There is a tendency for some men to say ’now I’m HIV positive, I am truly gay’. They want to get into that caring more supportive world and the acquisition of a diagnosis is obviously going to help them do that."

Another reason to legalize gay marriage, just watch.

Kentucky Homicide?

The Lexington Herald-Leader reports that the Kentucky legislature is pushing forward on a "fetal homicide" measure that "would define a fetus as a person from the moment of conception and let police charge people with homicide for recklessly or intentionally terminating a pregnancy." It is being met with the usual cadre of opposition, but has an unusual amount of Democratic support this time, and both gubanatorial candidates back the bill.

Lamb Chops

CNN reports that England’s PPL Therapeutics, the biotech firm that brought us Dolly, has just been put on the block.
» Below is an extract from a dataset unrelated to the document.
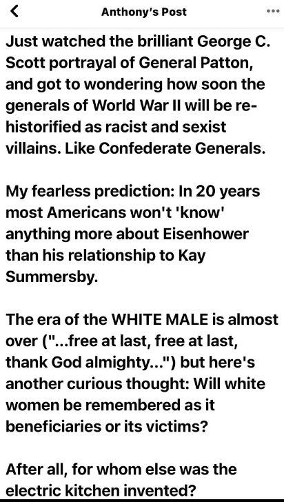 His bitter irony is more pronounced now: he has the freedom to speak truth because there are no consequences he fears. And the truth he points to is the fallacy of judging the past with the prejudices of the present. It is a high form of arrogance that presumes not only that the current norms are somehow in fact “better” but also presupposes an understanding of the conditions of the past. A double fallacy. Simply stated, Patton is too important to let current pathological concerns diminish his accomplishments and merits.

The report notes:

The move is a fresh blow to Europe’s struggling biotech industry, which has achieved only a fraction of the success of its U.S. counterpart, and highlights the difficulty companies face in making money from scientific breakthroughs.
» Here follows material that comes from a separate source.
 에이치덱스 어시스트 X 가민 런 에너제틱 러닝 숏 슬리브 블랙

Just another example of why the United States need not yet fear the much dreaded "biotech brain-drain" that human cloning proponents predict every time a call is made for anti-cloning regulations.

Clinton rising, Rumsfeld fading

I have returned from Atlanta, but down with a cold or something equally debilitating. I flatter myself in repeating what Leonato says to Antonia in Much Ado About Nothing: "There was never yet philosopher/That could endure the tootache patiently." I’m going home in a few minutes, after a visit to the doctor (Vicki thinks I have pnemounia). The two paragraphs below were sent to me by a significant person, whom I shall call Bolingbroke. It is both perceptive and well written and, alas, seems true.

I have been watching television. I have seen Clinton in operation at an event in Iowa? with Harkin and some Demo candidates for president and then at Los Angeles’s AME something or other Church with Gray Davis present (live on Sunday). The man is rolling. He is better than he has ever been. He is utterly confident--disgustingly so, to one of certian persuasions, of course--more drawlingly folksy than ever, full of hogs and swill imagery, brilliantly and viciously partisan, painting the Democrats as pragmatic middle of the roaders favoring prosperity for everybody, and Republicans as captives of Big Business, a self-conscious celebrity, the obviously most important person in the room--or in the field--offering gratitude to everyone who had ever been associated with him--that is everyone--stirring energy and confidence in the crowd, as no one present could do. He alone is proof of the potency of the Democrat challenge; he will be everywhere, in California and elsewhere, where Democrats regroup in the coming months.

And I saw Donald Rumsfeld, in a tape of a September 10 or thereabouts national press club gig. The man has aged. He appears an old man as he never has, not in his appearance so obviously, as in the public workings of his famous mind. Self-doubt has crept in, as it should do in those who recognize that their faculties, on which they have relied confidently all their lives, are beginning to fail them. Private prediction--he has already put in for retirement and is waiting for the first graceful opportunity to effect it. Quiverings of uncertainty will shimmer throughout the administration and the public and will be readily recognized by our enemies. Handling his replacement will be a delicate and important part of the next stage of the administration’s ensuring all concerned that it is a ship on an even keel.